Oh I see, that will struggle with this query. After updating to latest, can you please extract the query from the mini_profiler and run a explain analyze
on it and share with us?
On Meta (RDS db.r6g.large 30GB) it looks like this:
Oh I see, that will struggle with this query. After updating to latest, can you please extract the query from the mini_profiler and run a explain analyze
on it and share with us?
On Meta (RDS db.r6g.large 30GB) it looks like this:
I’ll try running explain analyze again, but we haven’t been able to get that query to successfully complete.
Update: this commit didn’t change anything. Database still roaring at >95% constantly after update and killing all old running queries. At beta4 it used to run at a 20-30% stable cadence for this forum. We already ran an auto-vacuum and schema reindex as well.
How do we disable this feature? It doesn’t seem right to get a larger database instance to resolve this, there seems to be something wrong with how this query is computed based on the fact it ran great before this update.
Query managed to finish after ~21 minutes
https://explain.depesz.com/s/gs84
Also to note we are on PG 10.17 as it seems like our outputs differ quite a bit.
We monkey-patched the issue by re-routing all */private-messages-all/*
routes to just */private-messages/*
temporarily. The result is that “all inboxes” has the same content as “Personal”, but at least we don’t need to deal with 100% CPU usage constantly this way.
Monkeypatch code:
# name: discourse-private-messages-perf-hotfix
# version: 0.0.1
# authors:
# Prepend to override existing routes
Discourse::Application.routes.prepend do
scope path: nil, constraints: { format: /(json|html|\*\/\*)/ } do
scope "/topics", username: RouteFormat.username do
# Reroute all */private-messages-all/* routes to go to */private-messages/* instead (personal messages)

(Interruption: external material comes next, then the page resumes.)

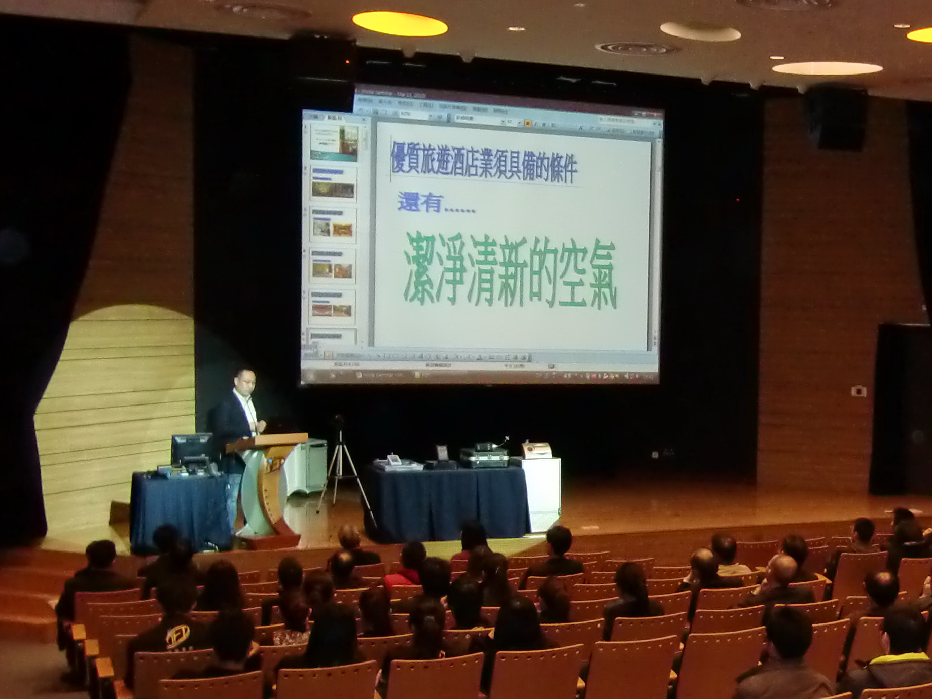 隨著旅遊服務業的發展,多所大型娛樂酒店相繼投入運作,旅客人數持逐增加,場所內的空氣質素備受關注。為此,旅遊學院特別於2010年3月11日舉辦名為「酒店娛樂場空氣淨化技術及其應用」的公開講座,邀請香港室內空氣淨化專家黃勁松先生蒞澳主講。

# Former is expensive, latter is cheap, potentially saves significant database CPU usage
get "private-messages-all/:username" => "list#private_messages", as: "topics_private_messages_override", defaults: { format: :json }
get "private-messages-all-sent/:username" => "list#private_messages_sent", as: "topics_private_messages_sent_override", defaults: { format: :json }
get "private-messages-all-new/:username" => "list#private_messages_new", as: "topics_private_messages_new_override", defaults: { format: :json }
get "private-messages-all-unread/:username" => "list#private_messages_unread", as: "topics_private_messages_unread_override", defaults: { format: :json }
get "private-messages-all-archive/:username" => "list#private_messages_archive", as: "topics_private_messages_archive_override", defaults: { format: :json }
end
end
end
CPU usage of our forum database after deploying the monkeypatch above:
@tgxworld You’ll want to take another look at whatever the */private-messages-all/*
routes are doing, there’s clearly something wrong with how it’s implemented, it’s not efficient enough for large forum databases. Either the implementation is not using the right database index or the query generation is resulting in extremely expensive queries (particular on PSQL 10, not sure about 12/13?).

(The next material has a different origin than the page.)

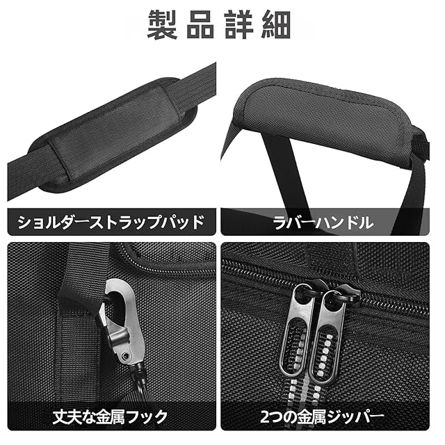 [多様な携帯方法] ショルダーストラップ(パッド付き) + ラバーハンドル + 金属フックで、キャンプ・車載・緊急時に便利。
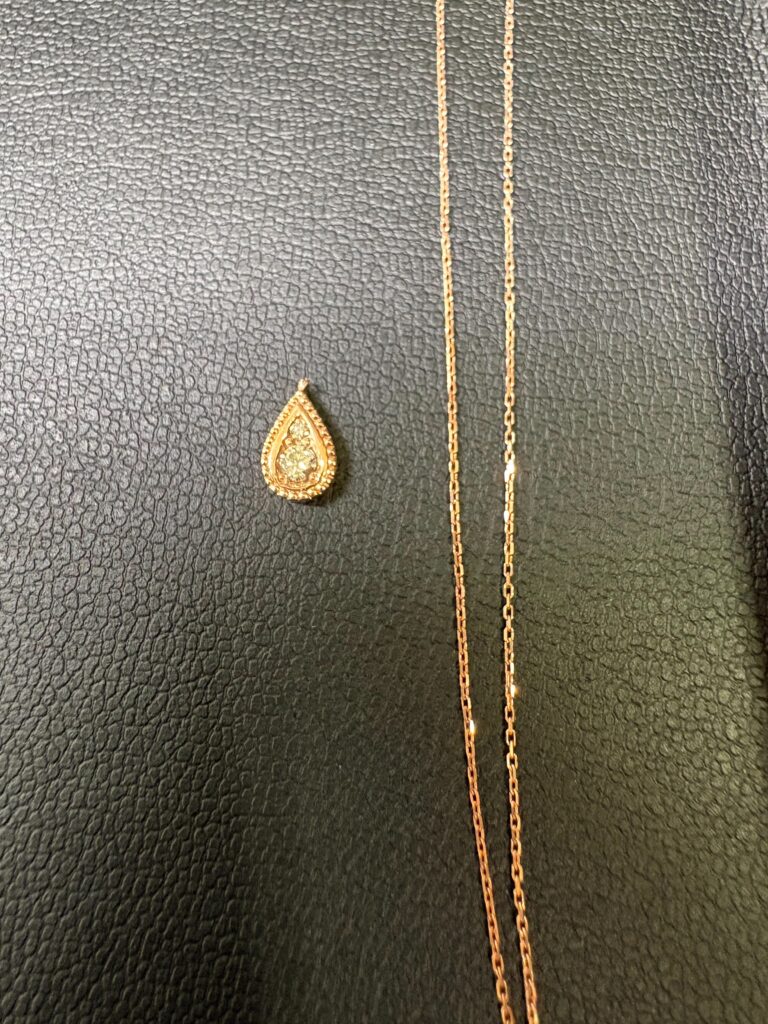 K18の土台に、高品質なメレダイヤモンドが贅沢に敷き詰められたドロップモチーフのネックレスです。普遍的なデザインでありながら、ダイヤモンドの強い輝きが、胸元を非常に華やかに彩ってくれます。

The current implementation basically crippled our forum, increasing CPU from ~15% to constant 100% and causing slow performance on all other forum features. I don’t see any reason why Personal / group inbox queries take <50ms but the “all inboxes” ones take 20+ minutes to complete.
You can use the analyze dump @forkythetoy posted just above to see the 20m+ run before.

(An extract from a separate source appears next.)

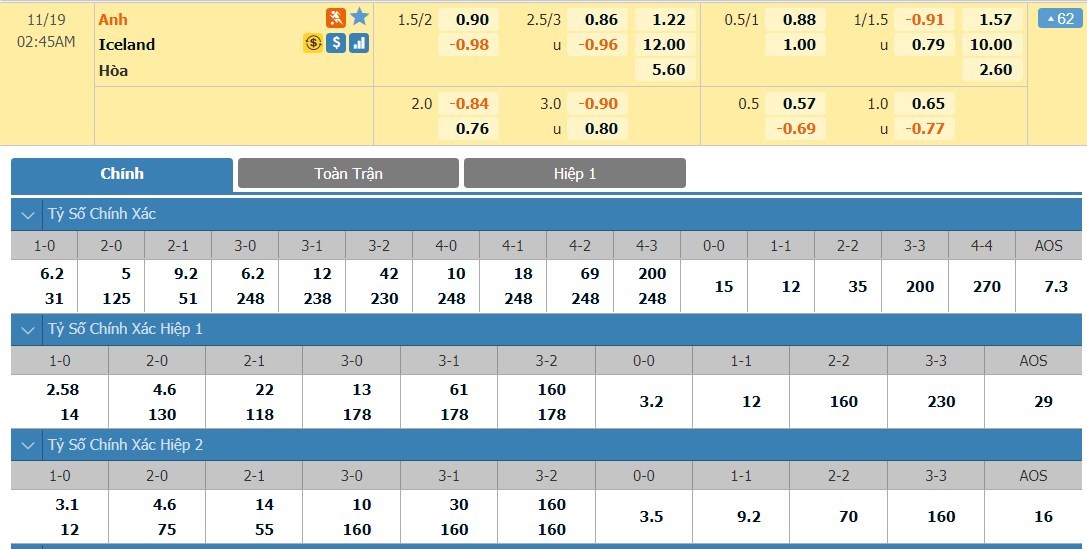 Tỷ lệ kèo cá cược bóng đá trực tuyến trận Anh vs Iceland

@Falco I just noticed that you merged our topic here, but this actually seems to be about a different endpoint. This bug report is about private-message-topic-tracking-state
endpoint, but we’re talking about */private-messages-all/*
. This might be causing some of the confusion here, my apologies for that. (I initially linked to this one which might have started the mix-up)
The private-message-topic-tracking-state
is fast on our forum so this is not the issue for us.
For us this one is taking ~200-300ms of database time. A bit longer than one may expect but still within normal ranges, yeah.
We’re on Postgres 13, however.
@Hooksmith I have a fix in the pipeline
@Hooksmith @forkythetoy Will you be able to update to PG 13? That is the minimum version that Discourse requires at the moment. It is also harder for me to compare query plans when queries are not executed using the same PG version.
I had to revert this because the performance of the new query differs too much between users.
@blattersturm Are you still seeing topic tracking state perf being slow?
Unsure, haven’t done an upgrade in a few days now. Any commits to take in to see if anything improved?
Nope nothing changed but it you can provide me with an EXPLAIN ANALYZE on the query it’ll be helpful.
Note that we revert the all inboxes for now because of the performance concerns.
This topic was automatically closed after 14 days. New replies are no longer allowed.